Although certain embodiments of this invention have been described above with a certain degree of particularity, those skilled in the art could make numerous alterations to the disclosed embodiments without departing from the spirit or scope of this invention. All directional references (e.g., upper, lower, upward, downward, left, right, leftward, rightward, top, bottom, above, below, vertical, horizontal, clockwise, and counterclockwise) are only used for identification purposes to aid the reader's understanding of the present invention, and do not create limitations, particularly as to the position, orientation, or use of the invention. Joinder references (e.g., attached, coupled, connected, and the like) are to be construed broadly and may include intermediate members between a connection of elements and relative movement between elements. As such, joinder references do not necessarily infer that two elements are directly connected and in fixed relation to each other.

It is intended that all matter contained in the above description or shown in the accompanying drawings shall be interpreted as illustrative only and not limiting. Changes in detail of structure may be made without departing from the spirit of the invention as defined in the appended claims.

Claims

1. A patient controlled analgesia device, comprising:

a patient controlled analgesia pump;

a biometric pump controller coupled to the patient controlled analgesia pump that activates the patient controlled analgesia pump to deliver analgesia; and

a biometric switch adapted to receive a biometric input and operably coupled to the biometric pump controller to activate the biometric pump controller,

wherein the biometric pump controller includes a biometric authentication processor that activates the patient controlled analgesia pump to deliver analgesia only upon authenticating the biometric input received at the biometric switch.

2. The device according toclaim 1, wherein the biometric pump controller further comprises a biometric identifier memory device.

3. The device according toclaim 2, wherein the biometric authentication processor compares the biometric input received at the biometric switch to a biometric identifier stored in the biometric identifier memory device.

4. The device according toclaim 1, wherein the biometric input is a fingerprint.

5. The device according toclaim 1, wherein the biometric pump controller further comprises a dosing processor that limits delivery of analgesia according to a prescription.

6. The device according toclaim 1, further comprising a cable, wherein the biometric switch is operably coupled to the biometric pump controller via the cable.

7. A biometric authentication system for use with a patient controlled analgesia pump, the biometric authentication system comprising:

a biometric pump controller comprising:

an interface connectable to a patient controlled analgesia pump; and

a biometric authentication processor; and

a biometric switch operably coupled to the biometric pump controller to activate the patient controlled analgesia pump,

wherein the biometric authentication processor causes the biometric pump controller to output an analgesia-dispensing signal from the interface only upon authenticating a biometric input received at the biometric switch.

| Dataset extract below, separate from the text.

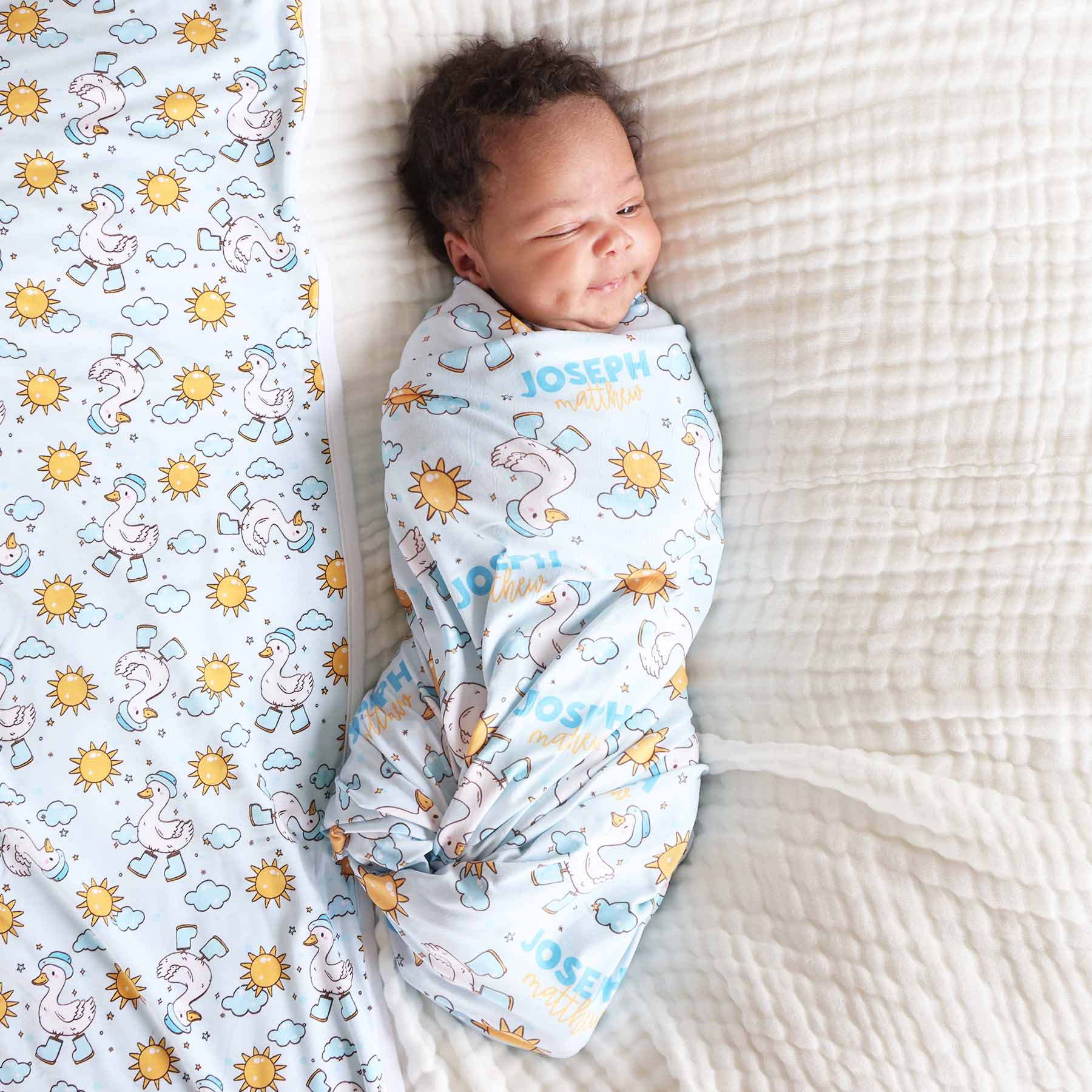 Wrap them up in softness, silliness, and a little splash of sunshine! Our Silly Goose Personalized Swaddle Blanket in sky blue is the snuggly staple every baby needs. Made from buttery-soft, breathable fabric, this lightweight swaddle is perfect for keeping your little one cozy from their very first days. Featuring our blue Silly Goose print, this swaddle blanket is sprinkled with sunshine, fluffy clouds, and the silliest geese you ever did see—marching along in floppy rain boots and top hats. This swaddle is personalized with your baby’s name, creating a one-of-a-kind keepsake that’s as unique as your little one. Whether you’re swaddling for sleep, spreading it out for tummy time, or tossing it over the stroller on a sunny day, this versatile blanket is the ultimate blend of softness, sweetness, and silliness.

8. The system according toclaim 7, wherein the biometric input is a fingerprint.

9. The system according toclaim 7, wherein the biometric pump controller further comprises a biometric identifier memory device.

10. The system according toclaim 7, wherein the biometric pump controller further comprises a dosing processor that limits delivery of analgesia according to a prescription.

11. A method of dispensing analgesia, the method comprising:

connecting a biometric authentication system to a patient controlled analgesia pump, the biometric authentication system including a biometric pump controller that outputs a signal that causes the patient controlled analgesia pump to dispense analgesia;

storing a biometric identifier in the biometric authentication system;

receiving a biometric input in the biometric authentication system;

authenticating the biometric input against the stored biometric identifier; and

if the biometric input is authenticated, outputting the signal that causes the patient controlled analgesia pump to dispense analgesia.